What to produce
Please give the lines below again exactly as they stand, from the one that contains "學生進行分組，找出感受最深的文章" up to and including the one that contains "SR4009 礎取り上げ後状況(北東から)", leaving all pictures out.

Provided data
════

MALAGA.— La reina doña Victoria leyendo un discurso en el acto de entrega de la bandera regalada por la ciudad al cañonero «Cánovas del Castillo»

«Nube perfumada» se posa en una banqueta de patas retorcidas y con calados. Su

════

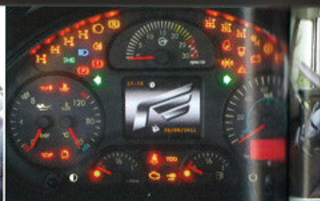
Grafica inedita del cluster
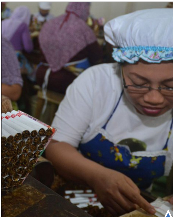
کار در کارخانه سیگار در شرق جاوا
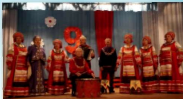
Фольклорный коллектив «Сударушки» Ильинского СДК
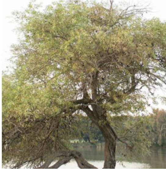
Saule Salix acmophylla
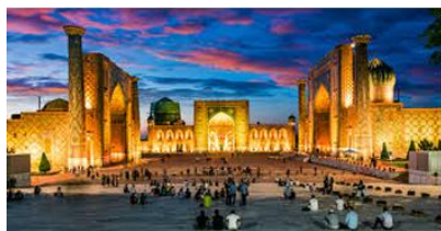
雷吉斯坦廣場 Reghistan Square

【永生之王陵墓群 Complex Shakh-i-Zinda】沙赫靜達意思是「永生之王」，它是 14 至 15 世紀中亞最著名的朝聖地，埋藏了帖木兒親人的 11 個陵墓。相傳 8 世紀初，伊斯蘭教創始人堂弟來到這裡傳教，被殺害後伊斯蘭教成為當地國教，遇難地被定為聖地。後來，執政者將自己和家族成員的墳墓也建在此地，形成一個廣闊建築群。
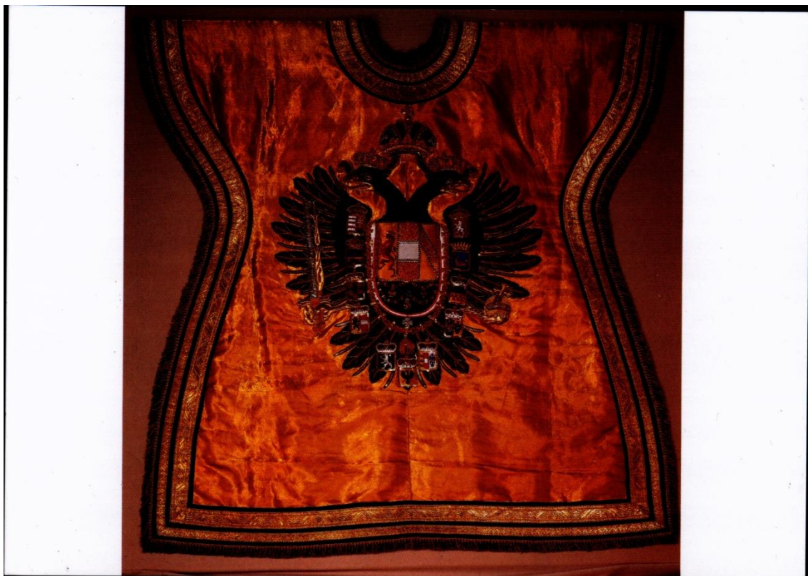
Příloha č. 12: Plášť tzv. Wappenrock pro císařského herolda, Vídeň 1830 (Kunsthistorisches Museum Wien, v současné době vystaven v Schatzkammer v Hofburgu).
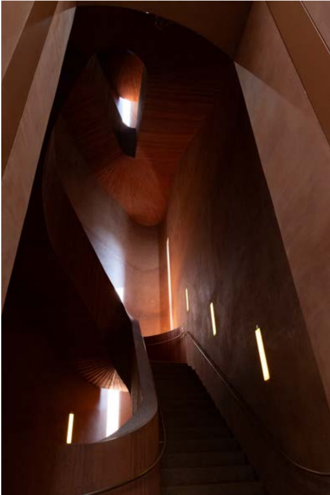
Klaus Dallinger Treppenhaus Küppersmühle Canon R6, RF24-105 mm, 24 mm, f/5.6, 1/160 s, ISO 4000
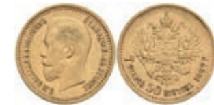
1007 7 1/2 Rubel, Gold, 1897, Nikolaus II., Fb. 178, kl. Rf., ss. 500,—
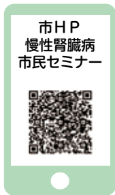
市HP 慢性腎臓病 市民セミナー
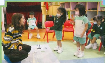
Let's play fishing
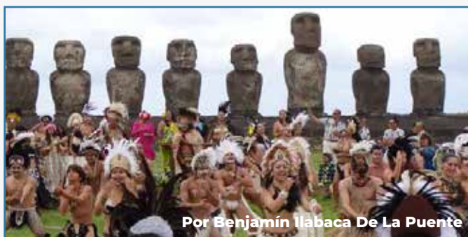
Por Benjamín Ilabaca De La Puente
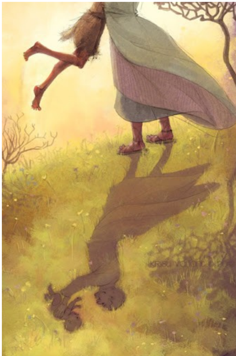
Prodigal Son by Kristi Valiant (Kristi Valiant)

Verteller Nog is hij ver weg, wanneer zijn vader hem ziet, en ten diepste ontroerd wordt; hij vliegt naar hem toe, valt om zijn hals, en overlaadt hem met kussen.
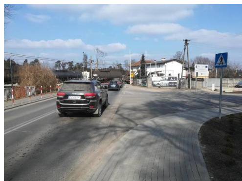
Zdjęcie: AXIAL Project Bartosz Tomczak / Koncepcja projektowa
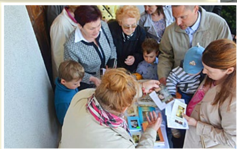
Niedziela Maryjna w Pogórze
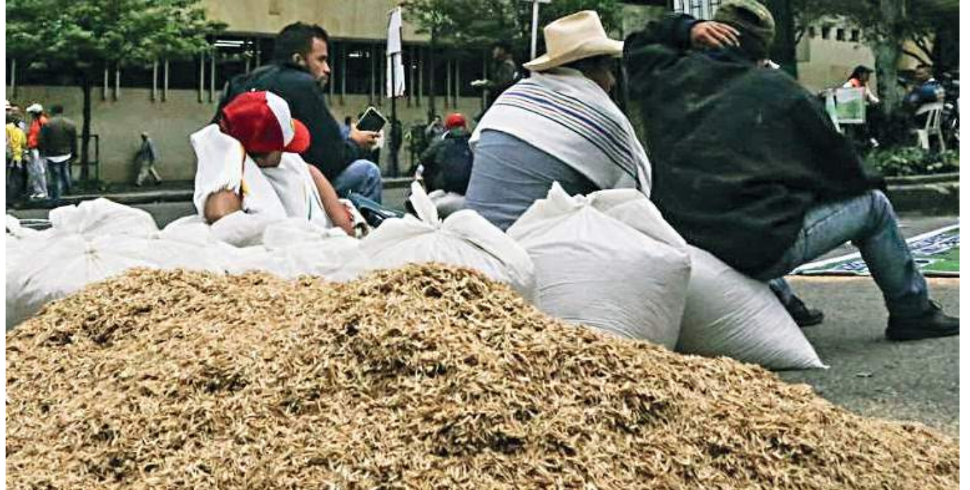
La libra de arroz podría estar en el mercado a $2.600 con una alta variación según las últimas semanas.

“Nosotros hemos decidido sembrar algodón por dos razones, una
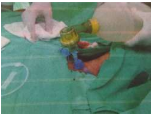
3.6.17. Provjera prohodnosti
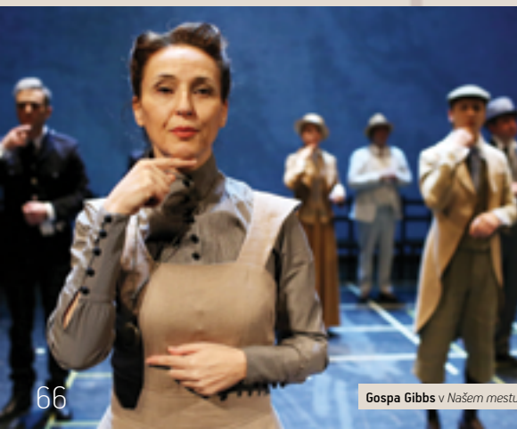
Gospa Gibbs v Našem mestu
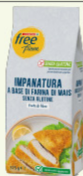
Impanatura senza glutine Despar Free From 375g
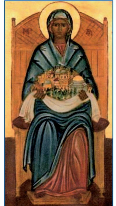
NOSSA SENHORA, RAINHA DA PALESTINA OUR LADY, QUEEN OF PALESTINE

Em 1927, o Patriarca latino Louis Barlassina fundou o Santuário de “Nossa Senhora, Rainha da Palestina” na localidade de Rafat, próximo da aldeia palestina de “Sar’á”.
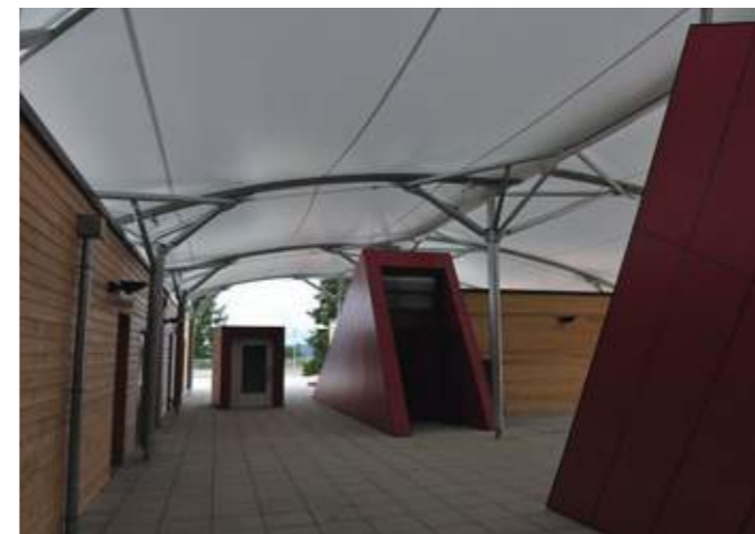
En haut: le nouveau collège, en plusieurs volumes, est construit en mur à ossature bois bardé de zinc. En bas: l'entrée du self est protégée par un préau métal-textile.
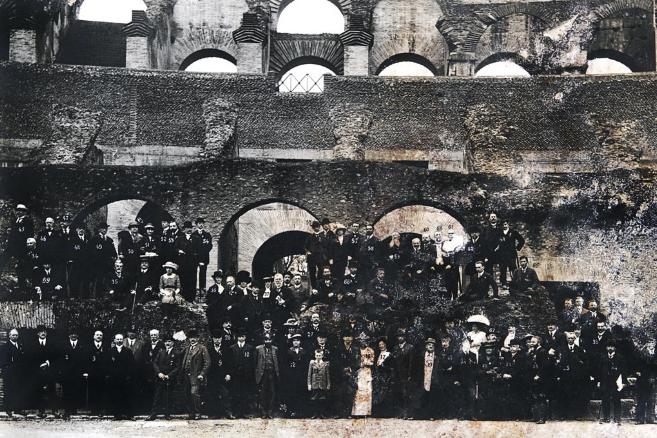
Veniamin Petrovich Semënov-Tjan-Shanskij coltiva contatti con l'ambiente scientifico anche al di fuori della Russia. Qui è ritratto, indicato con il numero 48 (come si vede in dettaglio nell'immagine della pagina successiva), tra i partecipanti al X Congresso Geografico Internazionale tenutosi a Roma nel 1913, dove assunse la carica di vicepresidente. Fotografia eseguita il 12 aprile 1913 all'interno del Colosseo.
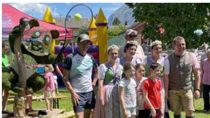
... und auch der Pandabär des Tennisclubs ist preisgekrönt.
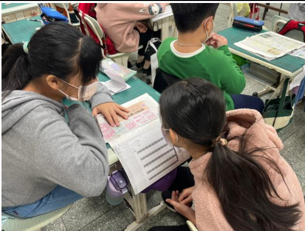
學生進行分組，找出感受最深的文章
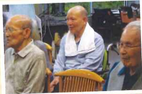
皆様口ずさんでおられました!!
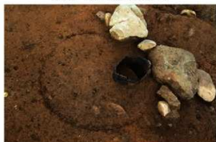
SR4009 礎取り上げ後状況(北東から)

════

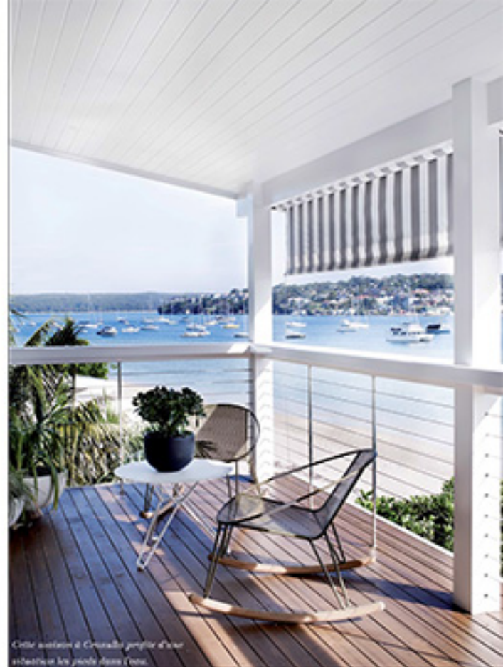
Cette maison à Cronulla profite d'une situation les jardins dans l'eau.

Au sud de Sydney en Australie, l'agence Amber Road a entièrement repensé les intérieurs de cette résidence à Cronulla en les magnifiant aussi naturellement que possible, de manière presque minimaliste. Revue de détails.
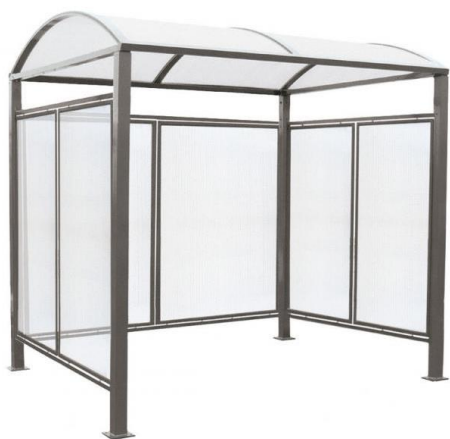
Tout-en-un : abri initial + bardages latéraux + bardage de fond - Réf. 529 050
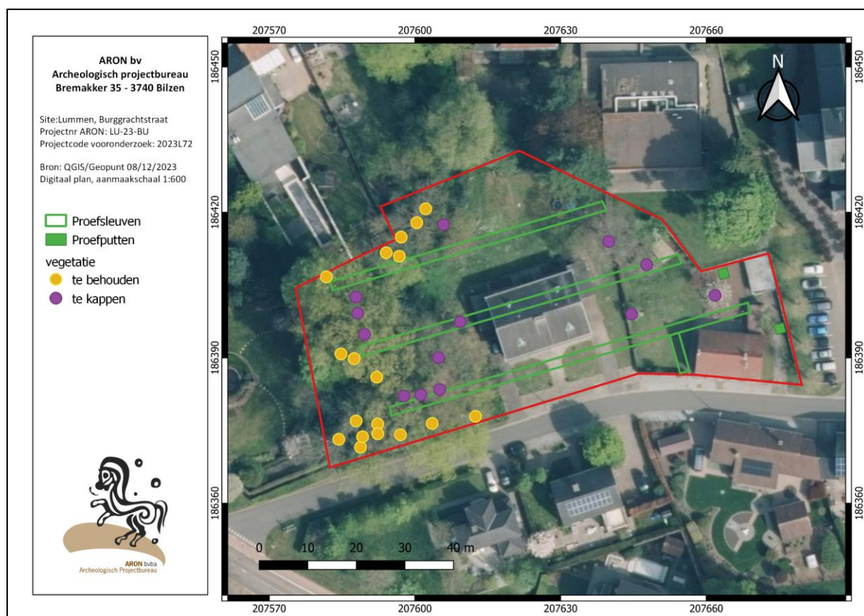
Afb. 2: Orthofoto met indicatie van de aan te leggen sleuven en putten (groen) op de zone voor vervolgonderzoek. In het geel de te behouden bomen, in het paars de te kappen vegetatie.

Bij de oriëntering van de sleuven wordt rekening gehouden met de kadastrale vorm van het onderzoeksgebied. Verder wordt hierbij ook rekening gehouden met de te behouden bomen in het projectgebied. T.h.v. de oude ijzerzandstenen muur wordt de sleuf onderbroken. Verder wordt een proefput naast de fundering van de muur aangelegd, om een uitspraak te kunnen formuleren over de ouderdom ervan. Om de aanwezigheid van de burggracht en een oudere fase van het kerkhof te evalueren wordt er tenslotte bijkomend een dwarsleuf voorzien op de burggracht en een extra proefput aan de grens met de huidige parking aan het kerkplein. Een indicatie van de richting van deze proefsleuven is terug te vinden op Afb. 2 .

════

Solved problem
學生進行分組，找出感受最深的文章
皆様口ずさんでおられました!!
SR4009 礎取り上げ後状況(北東から)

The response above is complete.